In something of a reprise of his famed “everything is amazing and nobody cares” routine of yore, C.K. railed on our camera-phone obsessed society, saying, “You know, when you put that thing down, the resolution is unbelievable.” Similarly, he emphasized to an unappreciative society why even a basic life is a great deal, citing reasons like “You get to put shit in the top-hole, like caramel and bacon!” and “You get to fuck people! That’s free, if you’re smart.”

Much of C.K.’s set was, thankfully, hinged on his shameless self-hatred, which transitioned seamlessly from his gracious-sounding explanation of divorced life to a side-splitting retelling of getting high on weed he’d kept in a shoe since the ’90s, and his proposed “it gets better” YouTube video for kids who are “vaguely-heavy with no face.”

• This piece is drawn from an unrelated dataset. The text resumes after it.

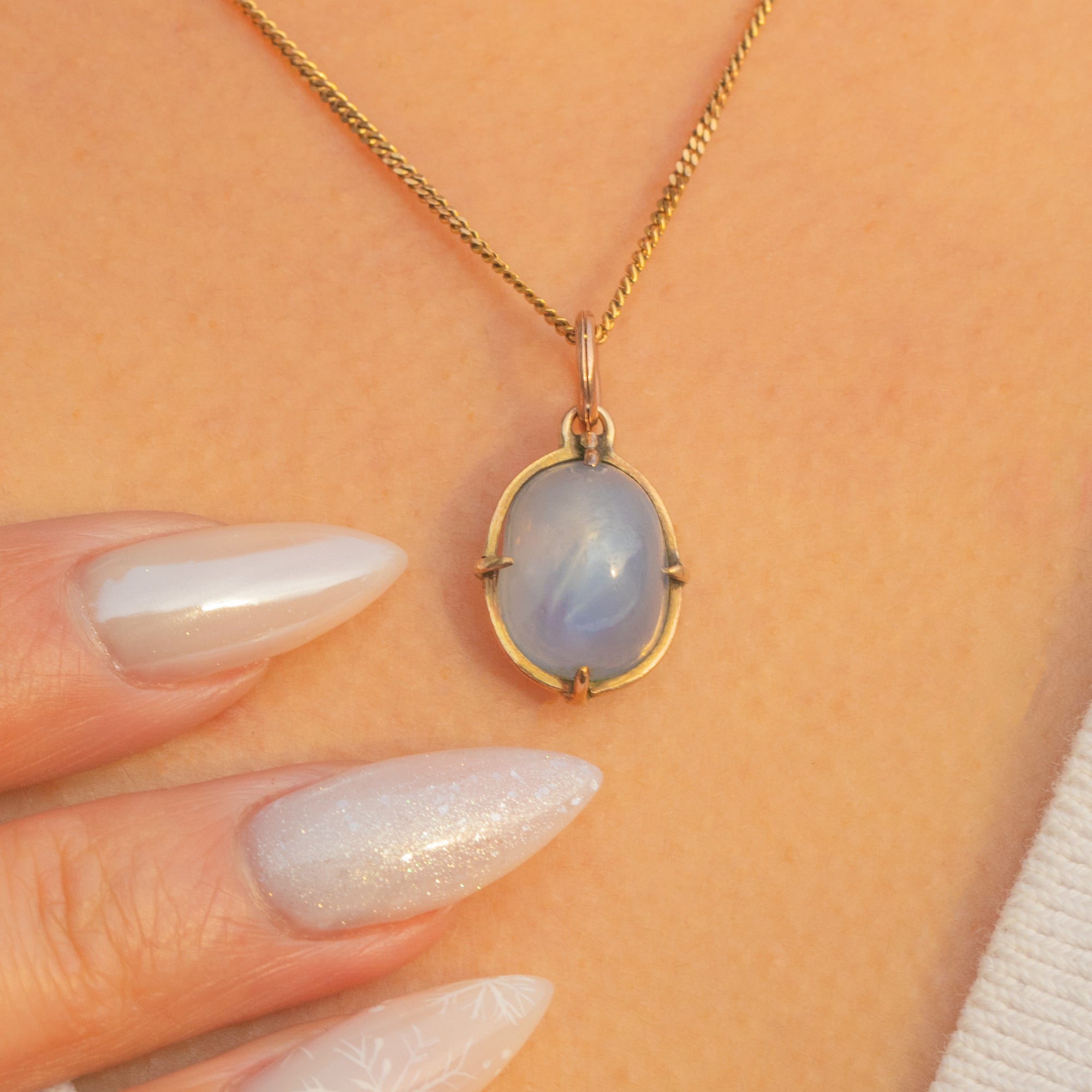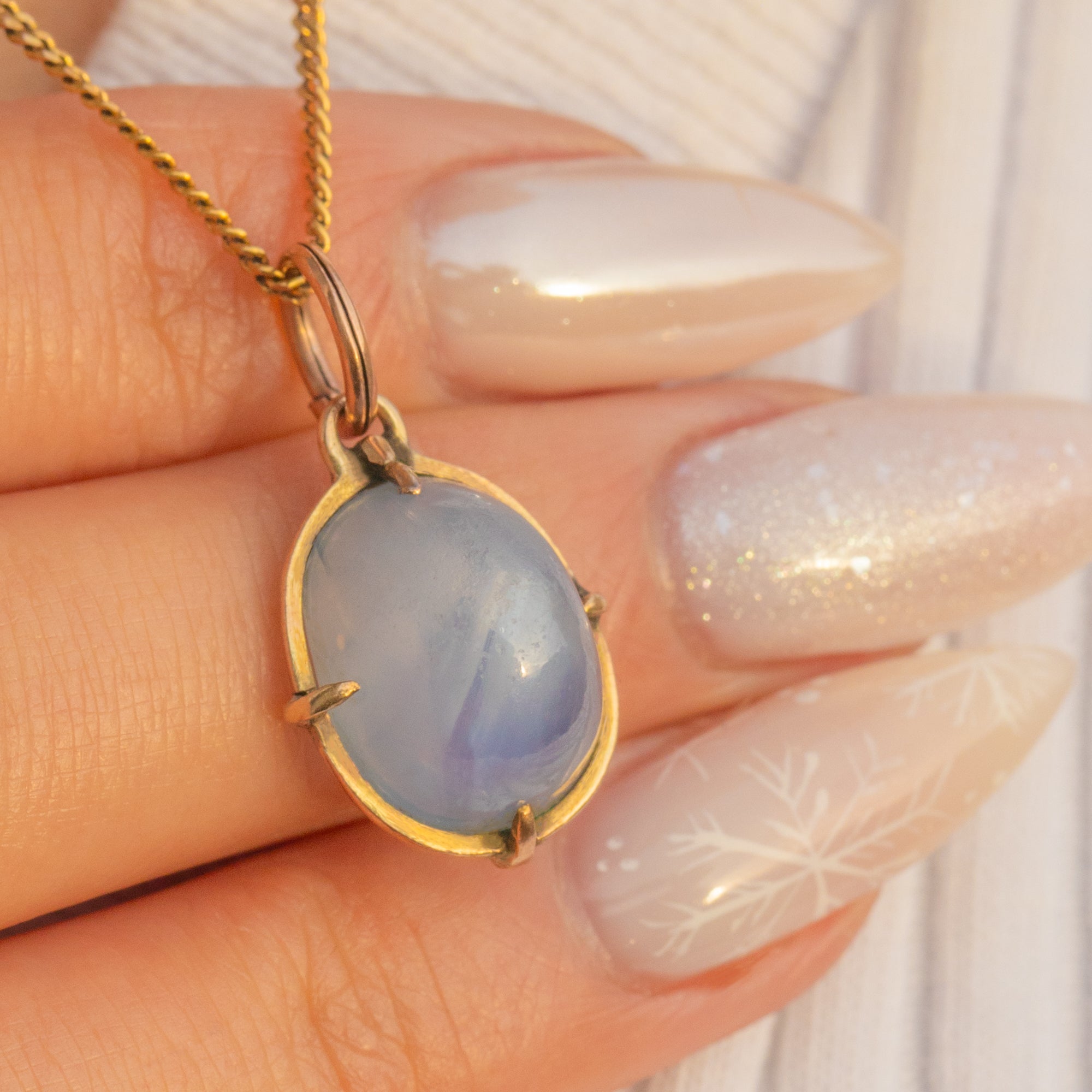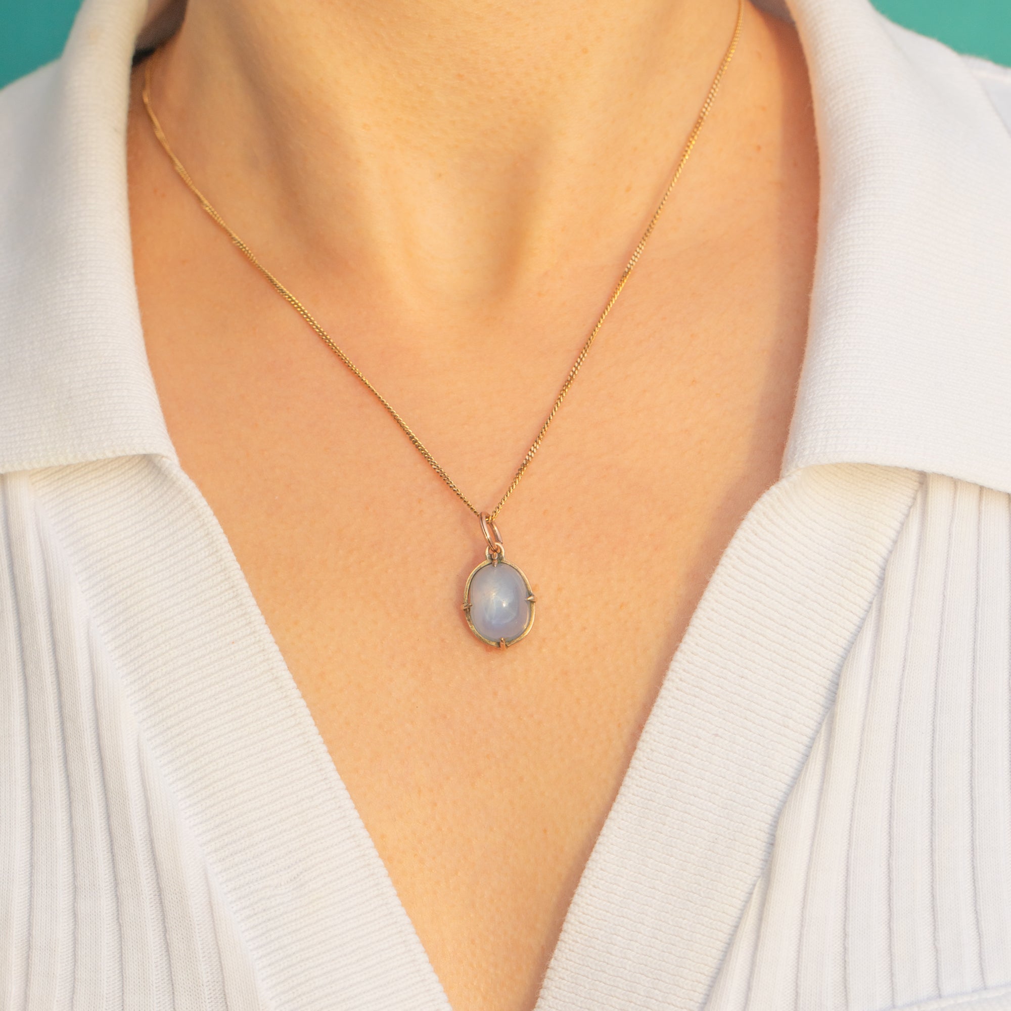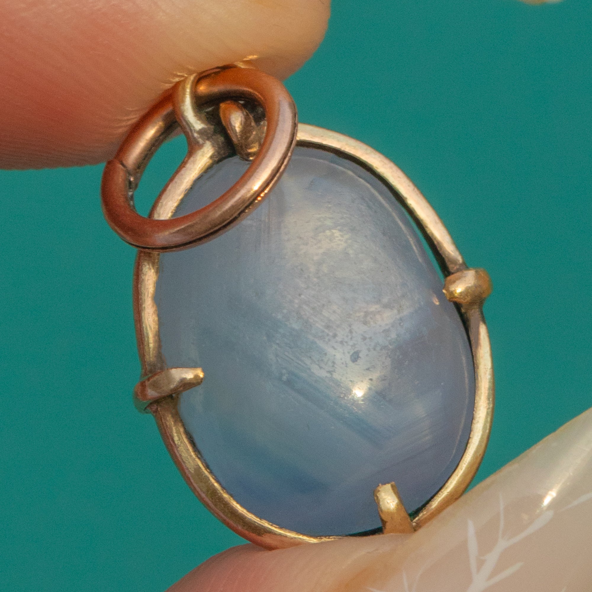 A delicate Victorian charm pendant showcasing a natural, no-heat Star Sapphire of approximately 11.00ct, set in warm 9ct Gold. The oval cabochon glows with a soft, silken luminosity in pale blue to bluish-grey, cradled by four neat claws within an open-backed collet for beautiful light play.

Somewhat expectedly from a comic with few qualms about casually discussing rape and using a mic stand as a visual aid for a bit about child murder, C.K. carried the laughs down the homestretch with examples of his “Of course...but maybe” logic—which quickly escalated from his feelings on nut allergies and the troops all the way to slavery in a matter of moments. Though the laughs never ceased, the-ever-emboldened C.K. justified his comments, saying, “You clapped for a dead kid before. We’re in this together now,” before sending the satisfied audience into a standing ovation and happily on its way.